◆ **DATA**:

***

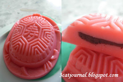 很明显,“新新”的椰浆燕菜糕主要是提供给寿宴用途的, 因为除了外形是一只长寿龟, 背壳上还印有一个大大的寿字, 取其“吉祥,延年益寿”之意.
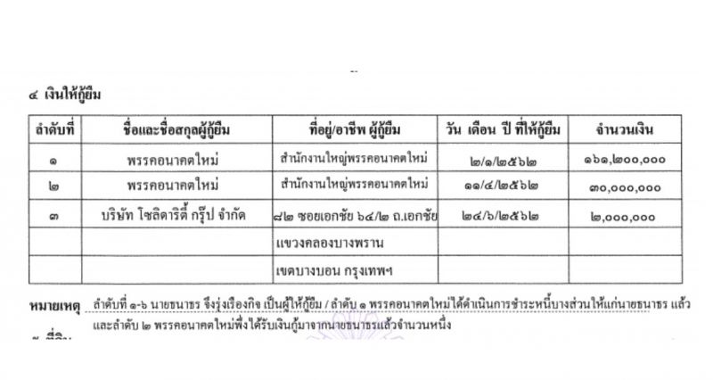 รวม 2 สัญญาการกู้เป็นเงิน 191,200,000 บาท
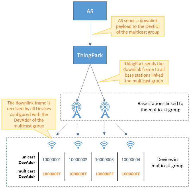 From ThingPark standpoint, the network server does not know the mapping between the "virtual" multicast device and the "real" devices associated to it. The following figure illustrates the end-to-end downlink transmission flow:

***

For this exercise, return the material word for word and drop each image.

◆ **SOLVED EXERCISE**:
 很明显,“新新”的椰浆燕菜糕主要是提供给寿宴用途的, 因为除了外形是一只长寿龟, 背壳上还印有一个大大的寿字, 取其“吉祥,延年益寿”之意.
 รวม 2 สัญญาการกู้เป็นเงิน 191,200,000 บาท
 From ThingPark standpoint, the network server does not know the mapping between the "virtual" multicast device and the "real" devices associated to it. The following figure illustrates the end-to-end downlink transmission flow:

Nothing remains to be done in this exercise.